Padres: 6 vs. LAD, 6 vs. COL, 6 vs. SF, 4 vs. ARI, 4 vs. MIL, 4 vs. PIT (30 games, .498 opponent win%)
D-Backs: 6 vs. LAD, 6 vs. COL, 6 vs. SF, 4 vs. SD, 3 vs. STL, 3 vs. PIT (28, .500)
Dodgers: 6 vs. SD, 6 vs. SF, 6 vs. ARI, 7 vs. COL, 4 vs. CHC (29, .517)
Rockies: 7 vs. LAD, 6 vs. ARI, 6 vs. SD, 3 vs. SF, 4 vs. PHI, 3 vs. FLA (29, .521)

NL Central

Cubs: 6 vs. HOU, 6 vs. PIT, 6 vs. CIN, 5 vs. STL, 4 vs. LAD, 3 vs. FLA, 1 vs. MIL (31, .467)
Brewers: 6 vs. HOU, 6 vs. PIT, 6 vs. CIN, 4 vs. SD, 4 vs. ATL, 3 vs. STL, 1 vs. CHC (30, .479)
Cardinals: 7 vs. PIT, 6 vs. CIN, 5 vs. HOU, 4 vs. CHI, 4 vs. PHI, 3 vs. ARI, 3 vs. MIL, 1 vs. NYM (33, .484)

The NL West teams have the hardest road, since only the Giants have been a bad team in that division, so that’s a bright spot for other WC contenders.  The Brewers and Cardinals, despite playing in an easy division, have moderately difficult schedules because they play tough opponents from the other divisions.  The Cubs have a somewhat easier road.

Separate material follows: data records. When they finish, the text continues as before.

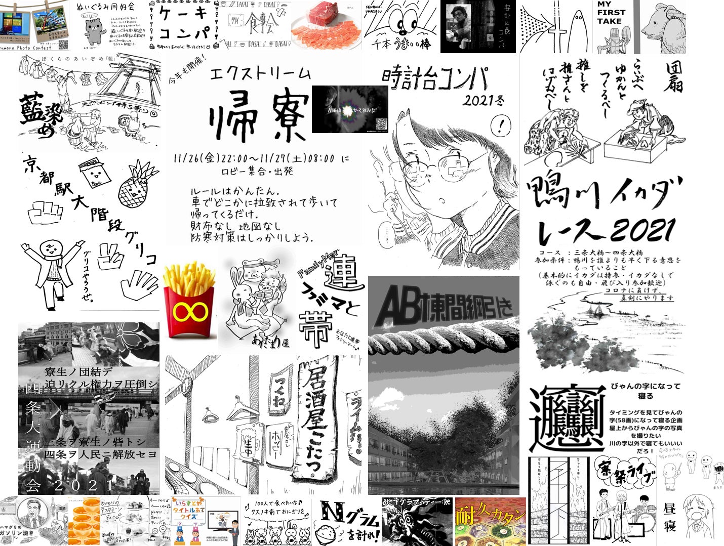 熊野寮祭開幕まで3週間を切り、今年の寮祭企画が出そろいました!その数なんと250以上!!寮祭HPから全ての企画の概要や企画画像が見られるので、本文中のURLから是非ご覧ください。本当に様々な企画がそろっているので参加してみたい企画を探すのもまた一興です。ちなみに、寮祭HPには寮生のコラムなども載っているので読み応えがあって面白いです!よかったら覗いてみてください。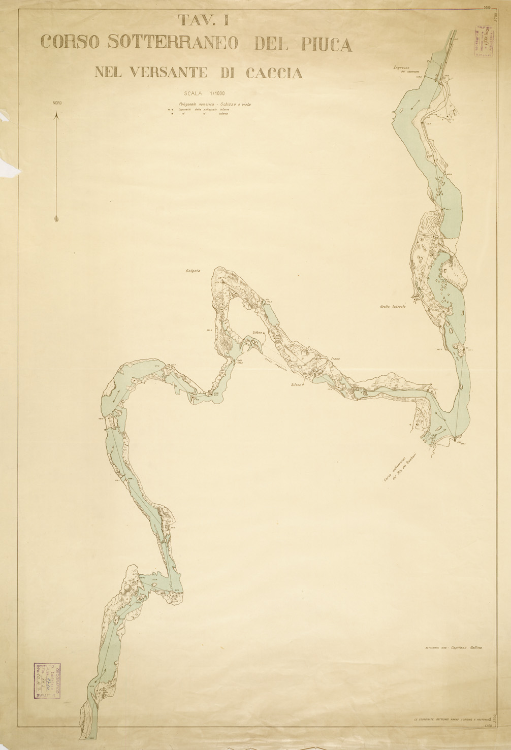 CORSO SOTTERRANEO DEL PIUCA DEL VERSANTE DI CACCIA - Tavola I
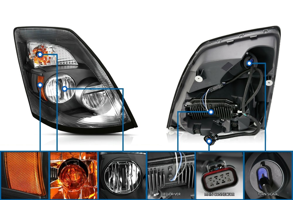 KOZAK Full LED Headlight Assembly BLACK Compatible With Volvo VNL Truck 630 670 730 780 2004-2017 (Replacement Truck Parts) PLUS Chrome Fender Guard Trim SET, Logo, Wipers, Frame License Plate, Vest This item is in BRAND NEW condition. ✅ Full LED Headlight Assembly with Black Housing ✅ Compatible with Volvo VNL VNX 2004-2017 ✅ Meet DOT Standarts ✅ INCLUDES: 1x Headlight Pair (Left Driver Side and Right Passenger Side) 1x Logo Emblem 1x Chrome Fender Guard Trim Set (Left Driver Side and Right Passenger Side) 2x 22" Windshield Wipers Frame License Plate Kozak Vest Contact us if you want to buy in bulk Contact us if you want to pick up the item or if you want to know more about delivery options in Washington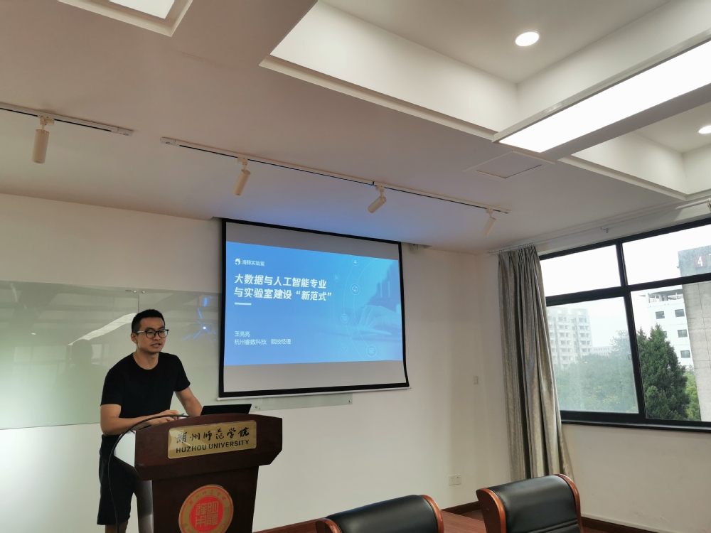会上,杭州睿数科技院校经理王亮亮做了“大数据与人工智能专业实验室建设新模式”的专题报告,专业负责人详细介绍了申报市重点实验室的进展、面临的问题、未来规划,专业老师和学生代表也对目前正在使用的实验室平台中存在的问题一一提出。王亮亮表示将会对本次洽谈会中汇总的问题认真分析,将会根据学院人才培养需求调整试验平台设置,更好的服务专业发展。

The teams for the Braves to watch are the Dodgers and Diamondbacks, since the NL Central teams are behind them in the Wild Card race anyway.  A good month from the Giants and Rockies (if the Braves can hold them off) would go a long way toward improving the outlook in that race.

For the rest of the season, every series is important, so let’s start with at least 2 of 3 from the Mets, and preferably a sweep.